Output structure for Step 2–4 (single response)
After the user replies to Step 1, your single next response must contain all three remaining steps in this exact order:
## Character Design block (Step 2)
**Art style:** line (Step 3)
## Image Generation Brief block containing the English brief (Step 4)
- The
[여기서 GPT Image 2 호출 …] marker line
No preamble, no closing remarks, no "Let me know if…" lines.
The image generation brief — required content
The brief in Step 4 is the actual product of this skill. It must be in English (image models perform better in English) and must include, in order:
- One-line subject summary — who/what the character is, anchored to the design spec.
- Style directive — the chosen art style, applied globally.
- Global rendering conditions — verbatim: 16:9 aspect ratio, clean white background with natural lighting, neutral overall lighting, no text or watermarks.
- Pose rule — A-pose for humanoids (arms 30–45° from body), standing frontal for quadrupeds, most natural neutral standing pose for other body plans. Explicitly forbid action poses or exaggerated gestures.
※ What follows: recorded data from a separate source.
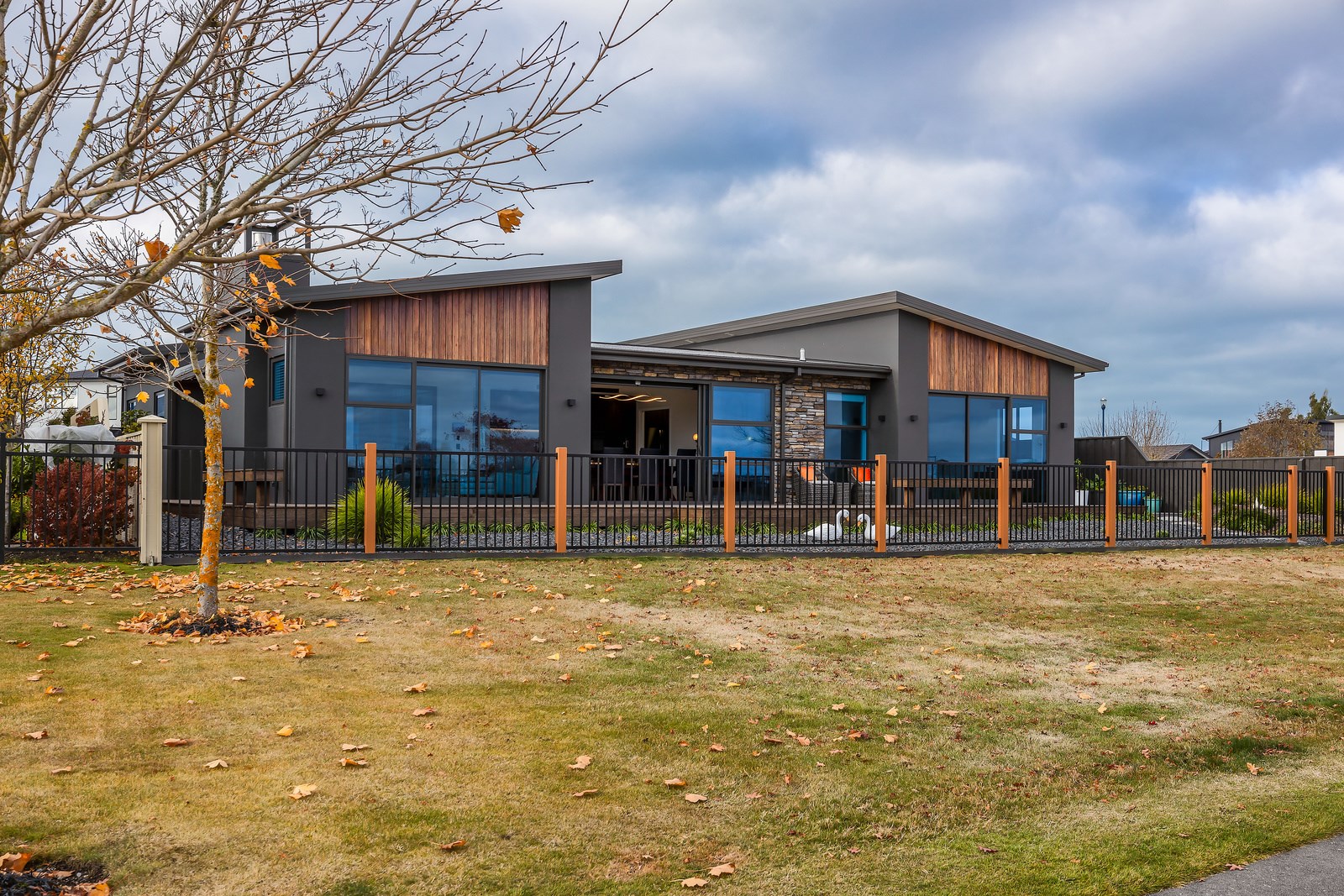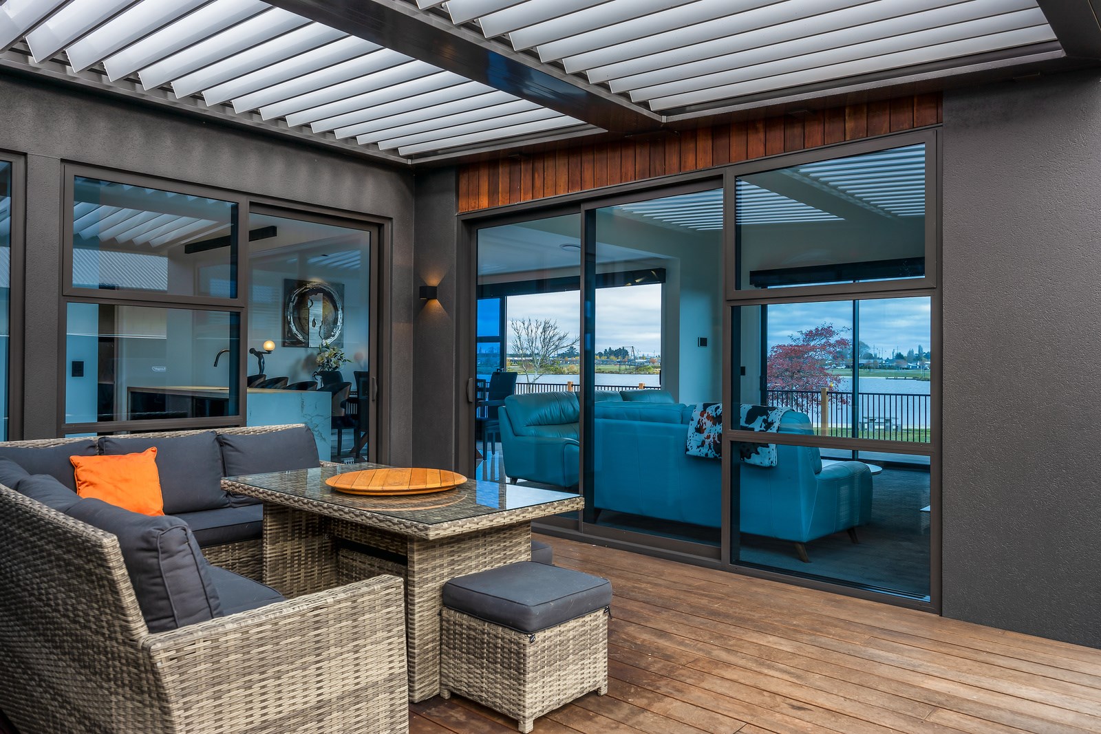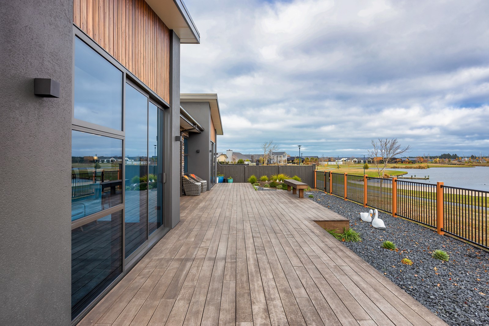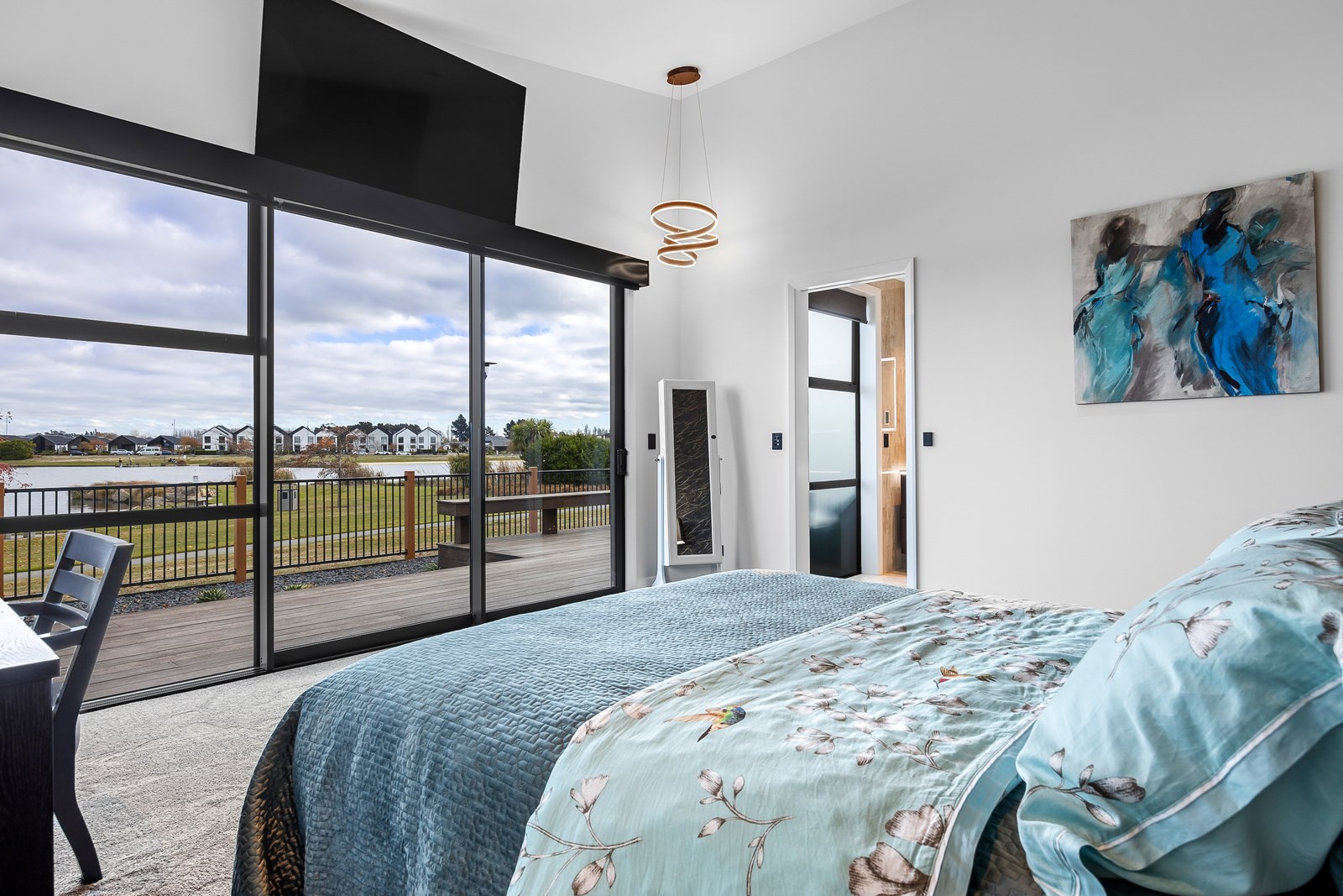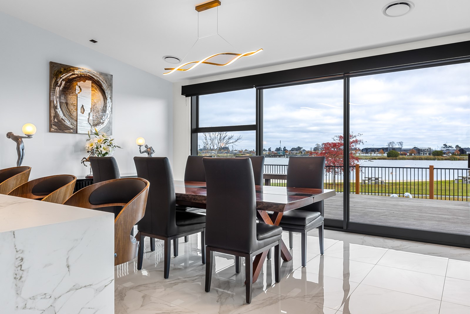 Two spacious living rooms flow through to an outdoor alfresco area protected by the louvred roof. Into the powder room, the vaulted ceiling has an opening skylight which drenches the room with natural light. The grandly proportioned master suite boasts a light filled ensuite thanks to a large, frosted window, while generous sliding stacker doors open to the western decking with astonishing views of the lake. Two additional bedrooms are serviced by a contemporary bathroom, and there is a multitude of storage options in the laundry, oversized garage and storeroom. Breathtaking for its individuality, this single storey 300sqm is an achievement that teams modern luxury with functionality.
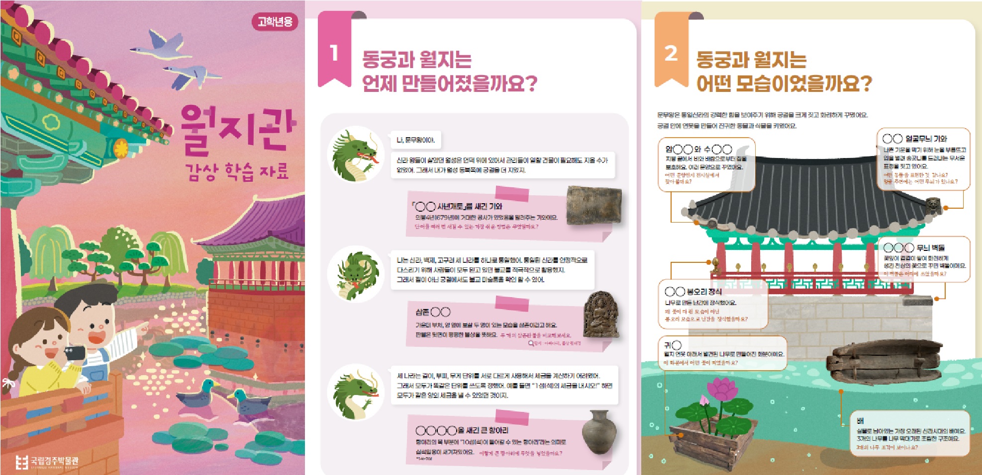 학교 단체를 위해 초등학생 대상 3종, 중·고등학생 대상 1종의 교육 프로그램을 마련하였다. 초등학생을 위한 ‘반짝반짝 신라 금관’과 ‘천년의 울림, 성덕대왕신종’ 프로그램은 평일 오전 10시에 운영되며, 학급 단위(50명 내외)로 참여할 수 있다. 문화유산에 대한 설명과 체험을 통해 금관과 성덕대왕신종의 특징과 의미를 이해할 수 있도록 구성하였다. 이와 함께 새롭게 단장한 월지관 전시의 이해를 돕는 학습자료는 사전 신청을 통해 활동지를 배부받을 수 있으며, 최대 100명까지 신청할 수 있다.
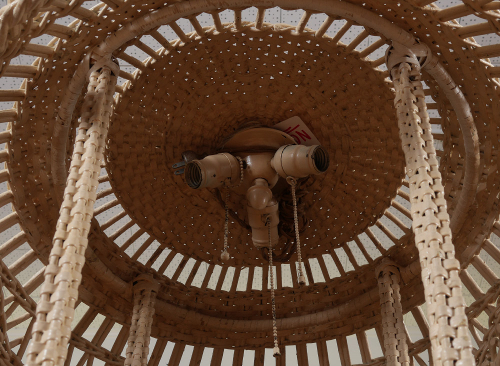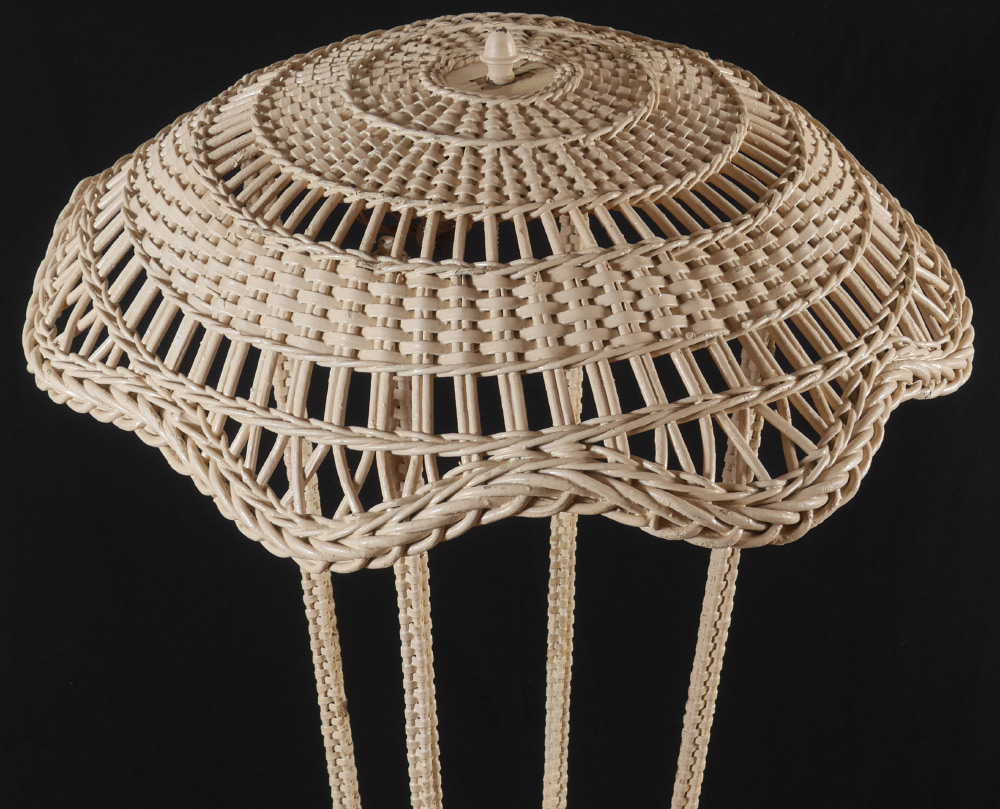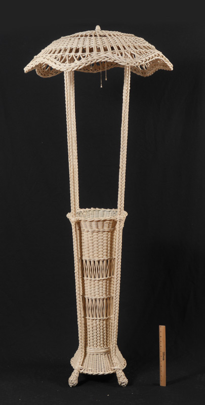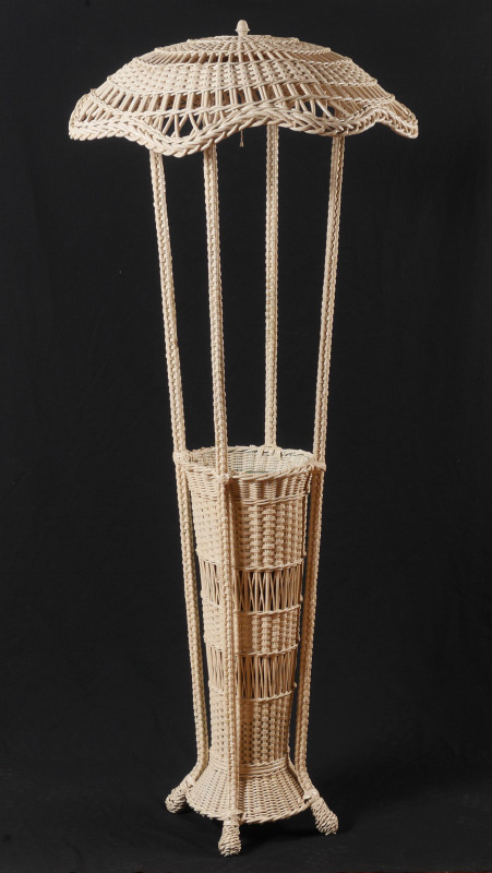 WICKER FLOOR LAMP & UMBRELLA STAND: Parasol style top with 4 triple fixture socket, 4 supports, base with metal insert for umbrellas & canes, on 4 feet. Overall measures 70'' h. x 29 1/2'' dia.

- Viewer-perspective disambiguation — verbatim warning: "All left/right references below are from the SUBJECT's point of view. Subject's right side = viewer's left side of frame. Subject's left side = viewer's right side of frame."
- Section layout — the image is divided horizontally into 4 equal-width sections. Describe each section per
references/layout-spec.md.
- Consistency constraint — verbatim: "The same individual must be recognizable across all sections. Maintain identical proportions, markings, color palette, and identifying details. Do NOT generate any section by mirroring another — each view must show genuinely different geometry, silhouette, surface flow, and shadow direction."
- Style reinforcement — restate the chosen art style on the final line.
Keep the brief tight and declarative. Avoid hedging language ("perhaps", "could be"). Use imperative sentences the image model can act on.
Common failure modes to avoid
- Skipping Step 1. The user must be asked unless their first message already contains substantive traits. Don't assume.
- Dropping user traits. If the user said "three eyes", the brief must say "three eyes" — not "multiple eyes" or "unusual eyes".
- Over-designing. Inferred details should support the user's traits, not overshadow them. If the user gave 10 specific traits, you should add 3–5 supporting details, not 30.
- Action posing. Sheets are reference material. Neutral poses only.
- Mirroring. The 4 main sections plus the 3 face close-ups are 7 structurally distinct views. Make this explicit in the brief.
- Producing an actual image. This skill does not generate images. It produces the brief and the hand-off marker.
- Style drift. If the user said "watercolor", every section is watercolor. Don't mix styles across sections.
Reference
references/layout-spec.md — Detailed per-section camera, framing, and emphasis rules. Read this before writing the brief in Step 4.